> **Data provided**
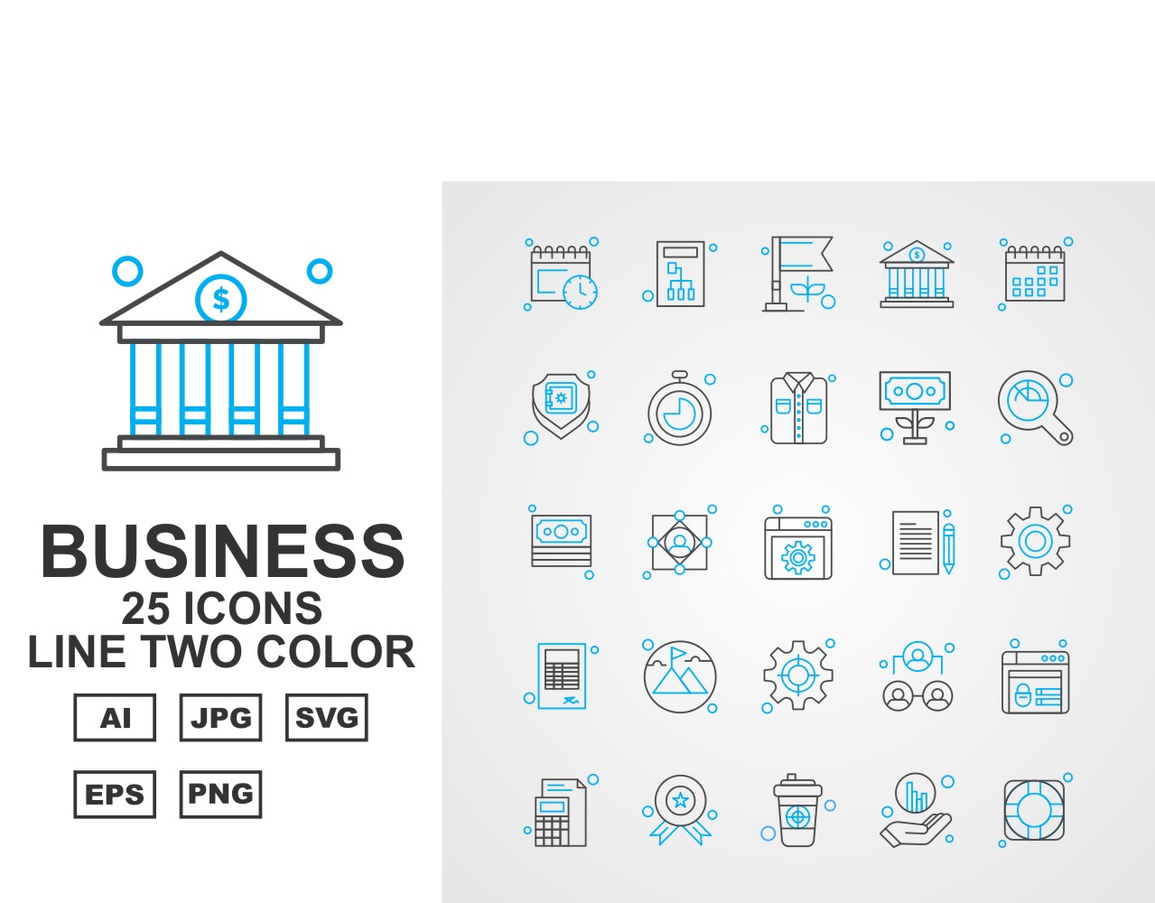 Download Набор иконок "25 Premium Business Line Two Color Icon Set" / 25 Premium Business Line Two Color Icon Set - Набор иконок на тему business calendar,user,leader,website,award,coffee,graph,target,server,flag,bank,shield,stopwatch,shirt,dollar,magnifying glass,document,setting,book,mountain
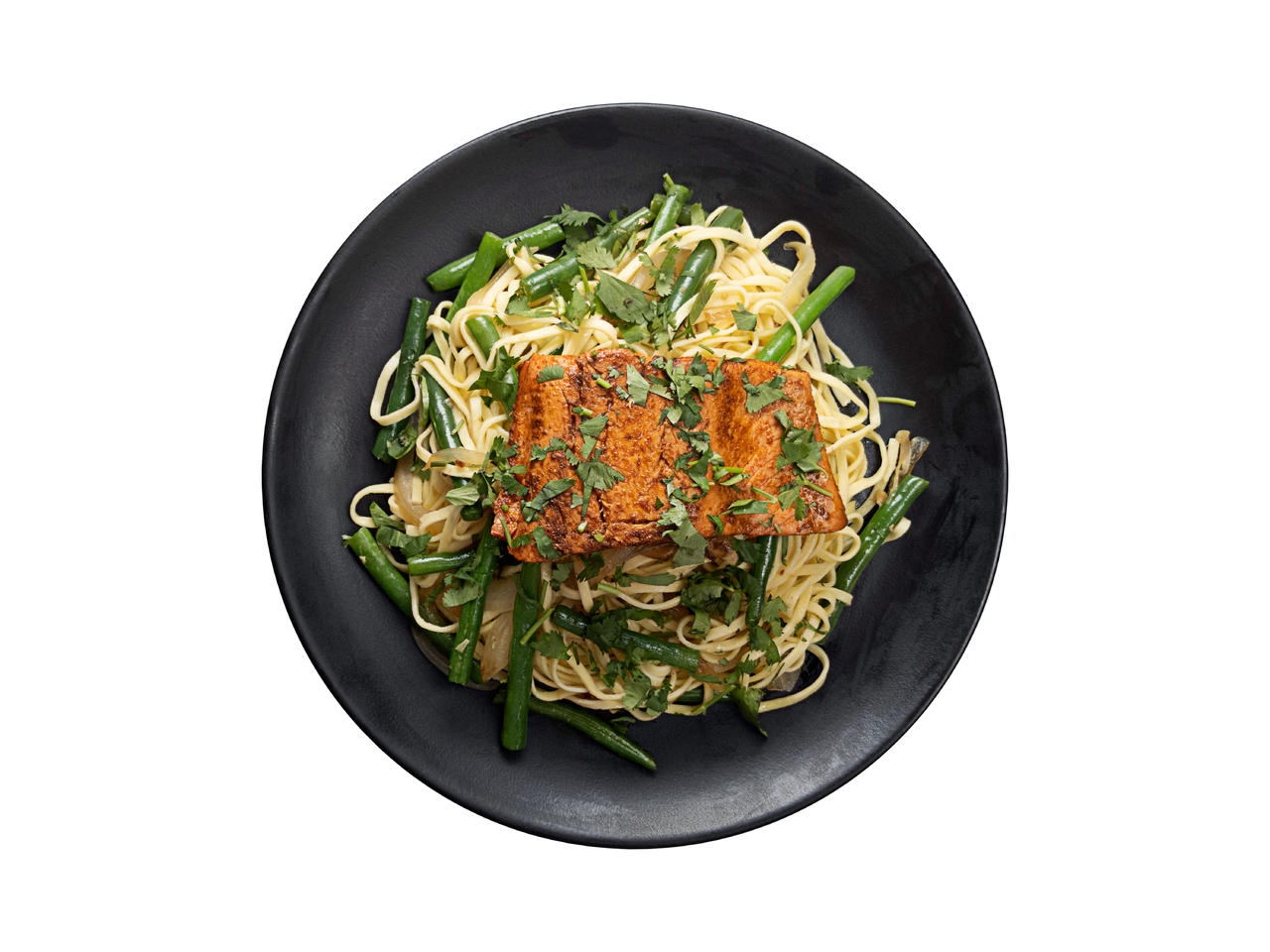 Brush the salmon with the marinade until coated, pour over any leftover and set aside while you prepare the green beans, onion, and boiling water.
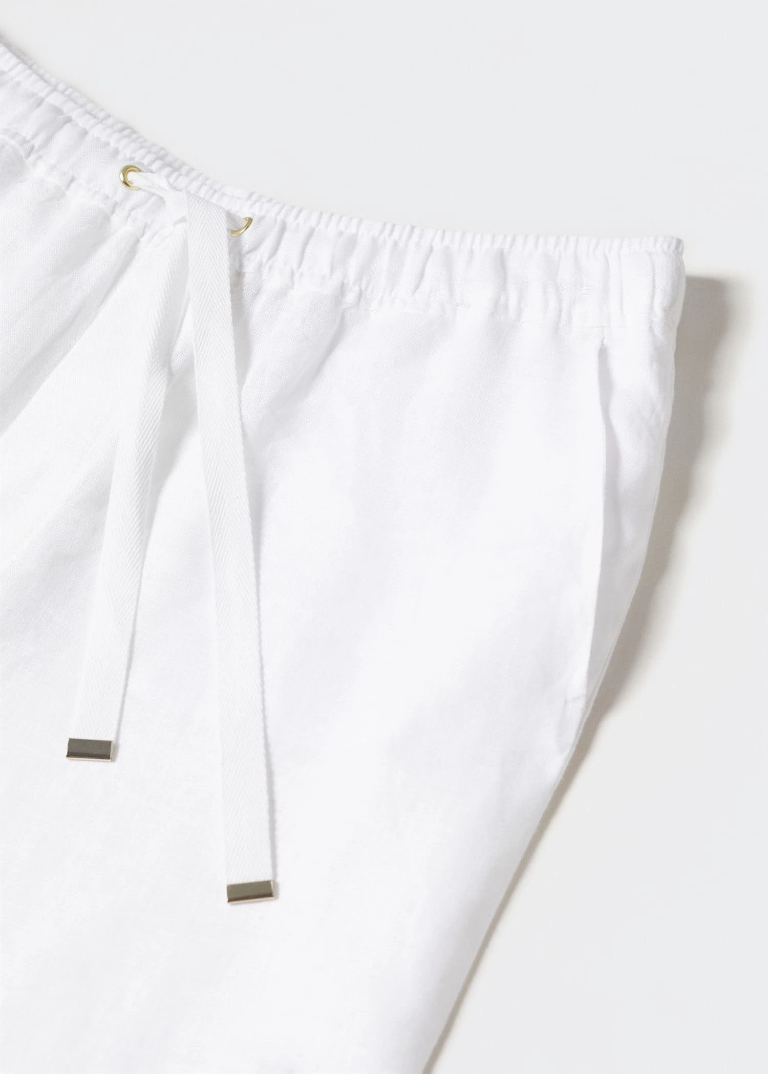 tissu 100 % lin, coupe droite, taille haute, deux poches laterales, deux poches passepoilees a l’arriere, taille elastiquee, ceinture a nouer a la tailleComposition: 100% lin. Doublure: 85% polyester,15% coton
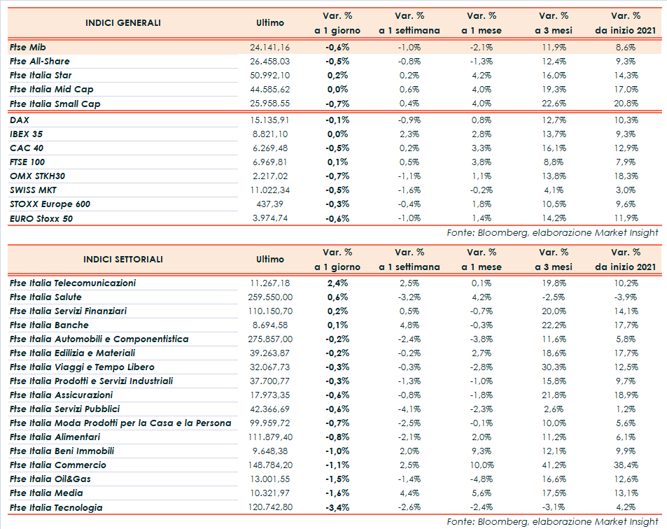 A Piazza Affari il Ftse Mib archivia gli scambi in calo dello 0,6% in area 24.141 punti. Debole anche il Cac 40 di Parigi (-0,5%), poco mossi il Dax di Francoforte (-0,1%), l’Ibex 35 di Madrid (flat) e il Ftse 100 di Londra (+0,1%).
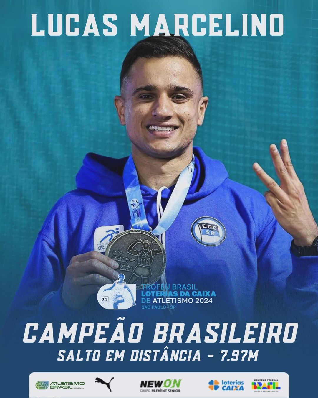 Lucas Marcelino, de Adamantina, atleta do Esporte Clube Pinheiros (São Paulo/SP) conquistou medalha de ouro com 7.97 m no salto em distância, nesta sexta-feira (28), no Troféu Brasil de Atletismo, que começou na quinta-feira (27) e segue até domingo (30) em São Paulo.
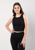 Женская укороченная майка из микрофибры в рубчик. Майка на широкой бретели, с глубоким круглым вырезом.
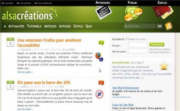 [coup de projo] Alsacréations - nouveau design et nouvelle organisation - 05/02/2009
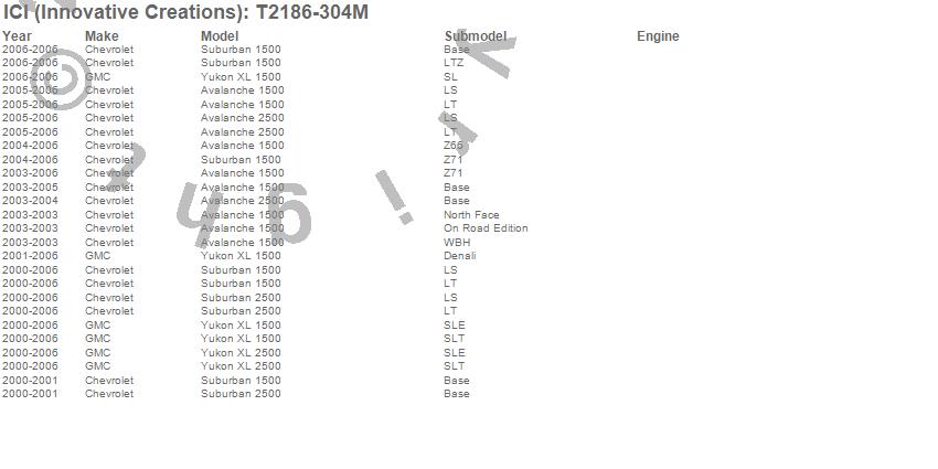 Below is an abbreviated list of applications for the Rocker Panel Molding.Avalanche 1500, Avalanche 2500, Suburban 1500, Suburban 2500, Yukon XL 1500, Yukon XL 2500, Chevrolet, GMC, 2006, 2005, 2004, 2003, 2002, 2001, 2000
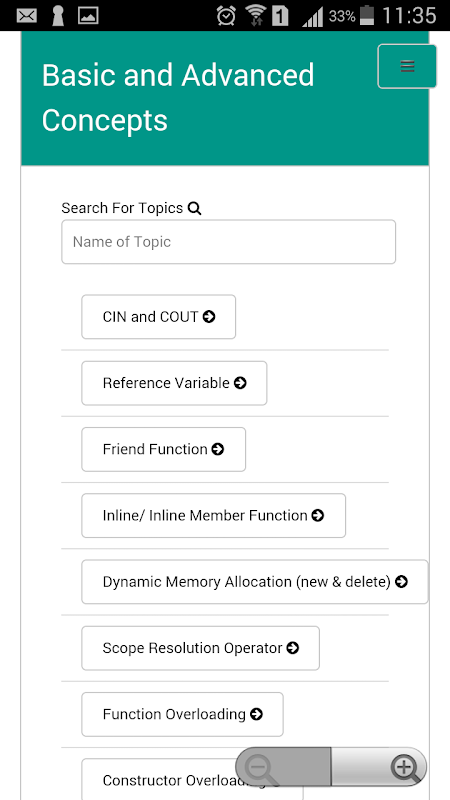 I am representing an Android Application name C++. Basically i have created this application for the students, who are pursuing the computer course related to computer application field and purpose of this application is to make them clear about all the basic concept of this field.
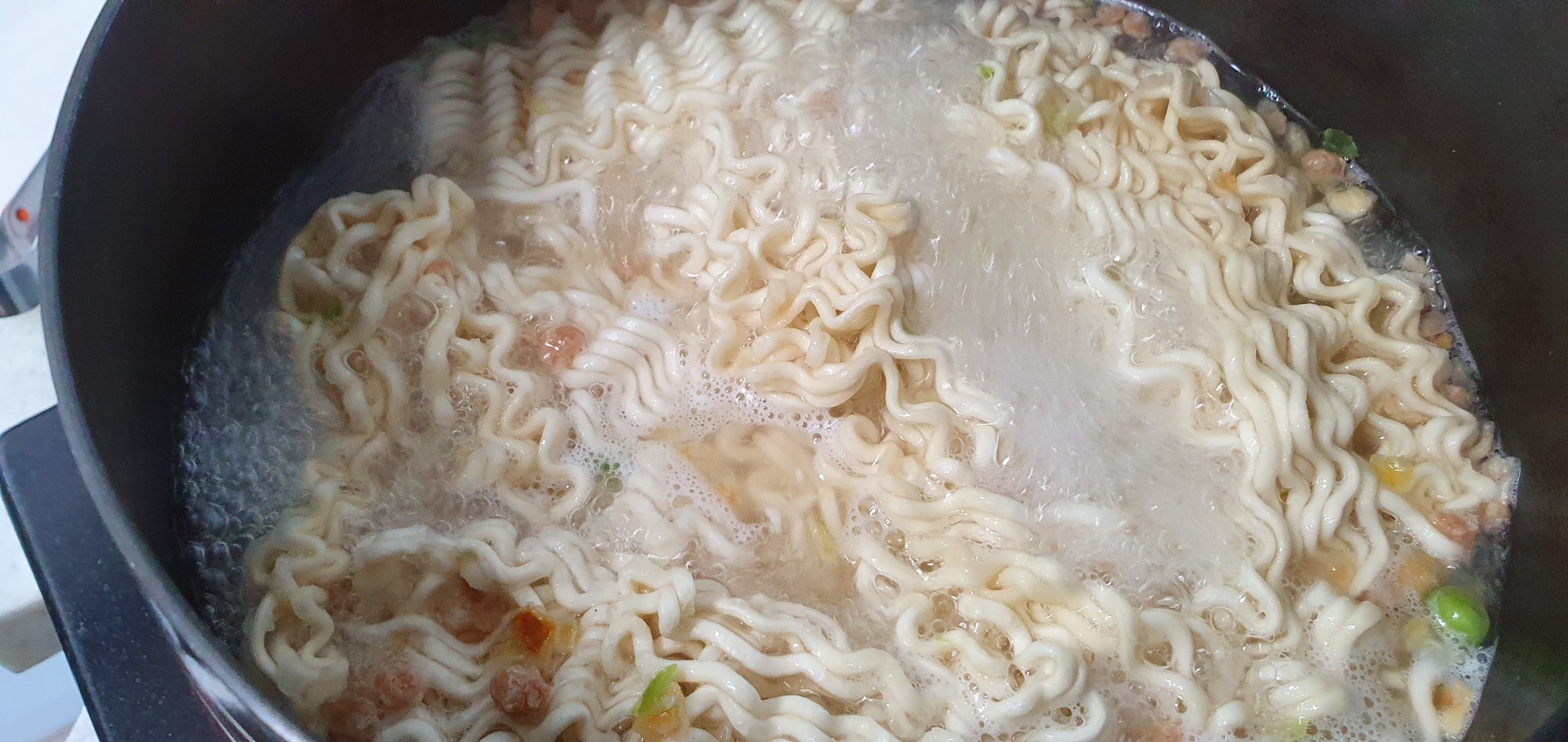 후추를 넣어주고 미원은 살짝만 솔솔 뿌려주면 된다. 그리고 마지막으로 짜장라면에 포함되어 있는 액상스프를 개봉하여 투하하여 주면 된다. 앞서 이야기한 대로 액상형 스프를 쓰는 이유는 이미 춘장이 볶아져서 만들어져 있는 가공된 스프이기 때문에, 조리 하기가 간편해서이다. 또한, 곧잘 섞여서 위 사진과 같이 금세 볶아진 짜장 소스가 완성되기 때문이다. 이로써 짜장 소스는 완벽하게 완성되었다!
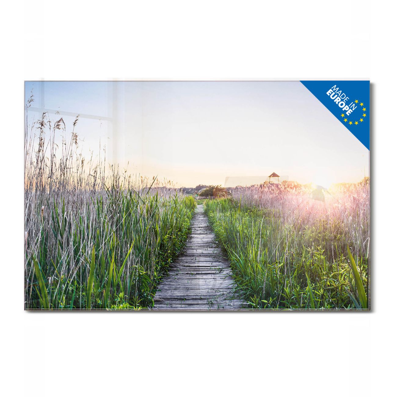 Glas Magnettafel im Querformat Motiv Steg Durchs Schilf
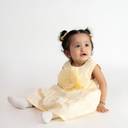 Delightfully sweet, this baby frock features a charming yellow rose embellishment at the center, adding a bright and cheerful touch to a soft, comfortable design.
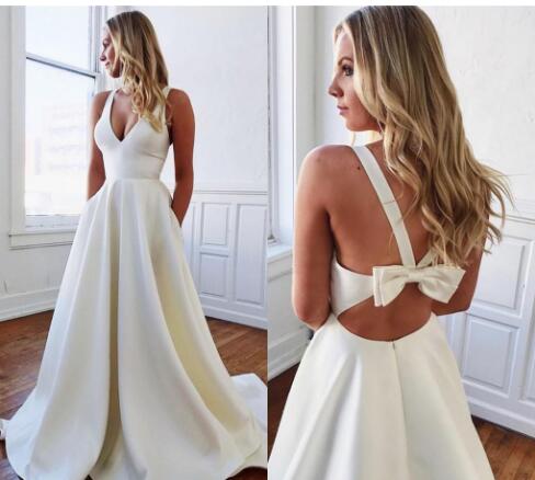Wedding Dresses With Pockets Sexy Bow Backless A Line Satin Summer Garden Bohemian Bridal Gowns Custom Made
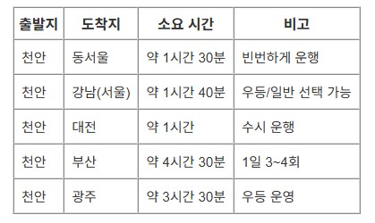 출발지에 ‘천안’, 도착지에 원하는 지역을 입력하세요. 예: 천안 → 동서울
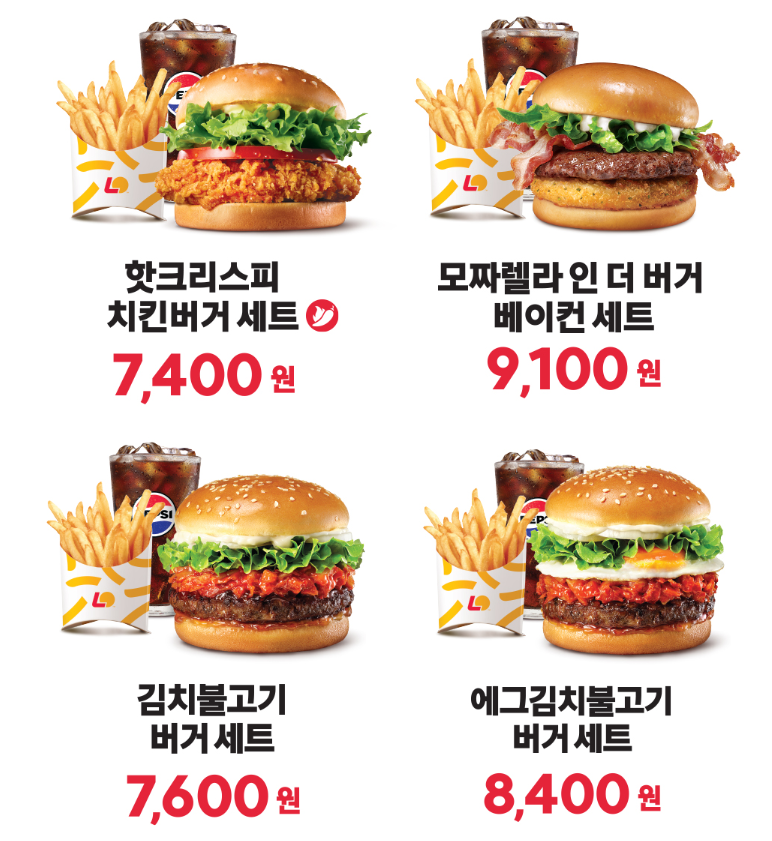 대표적인 버거 메뉴를 세트로 즐기면서도 저렴한 가격, 예측 가능한 운영 시간, 전국 대부분 매장에서 이용 가능하다는 점이

> **Exercise**
Only the lines from the start of the records through the line containing "Lucas Marcelino, de" should be repeated, word for word, with the pictures left out.

> **Response to this exercise**
 Download Набор иконок "25 Premium Business Line Two Color Icon Set" / 25 Premium Business Line Two Color Icon Set - Набор иконок на тему business calendar,user,leader,website,award,coffee,graph,target,server,flag,bank,shield,stopwatch,shirt,dollar,magnifying glass,document,setting,book,mountain
 Brush the salmon with the marinade until coated, pour over any leftover and set aside while you prepare the green beans, onion, and boiling water.
 tissu 100 % lin, coupe droite, taille haute, deux poches laterales, deux poches passepoilees a l’arriere, taille elastiquee, ceinture a nouer a la tailleComposition: 100% lin. Doublure: 85% polyester,15% coton
 A Piazza Affari il Ftse Mib archivia gli scambi in calo dello 0,6% in area 24.141 punti. Debole anche il Cac 40 di Parigi (-0,5%), poco mossi il Dax di Francoforte (-0,1%), l’Ibex 35 di Madrid (flat) e il Ftse 100 di Londra (+0,1%).
 Lucas Marcelino, de Adamantina, atleta do Esporte Clube Pinheiros (São Paulo/SP) conquistou medalha de ouro com 7.97 m no salto em distância, nesta sexta-feira (28), no Troféu Brasil de Atletismo, que começou na quinta-feira (27) e segue até domingo (30) em São Paulo.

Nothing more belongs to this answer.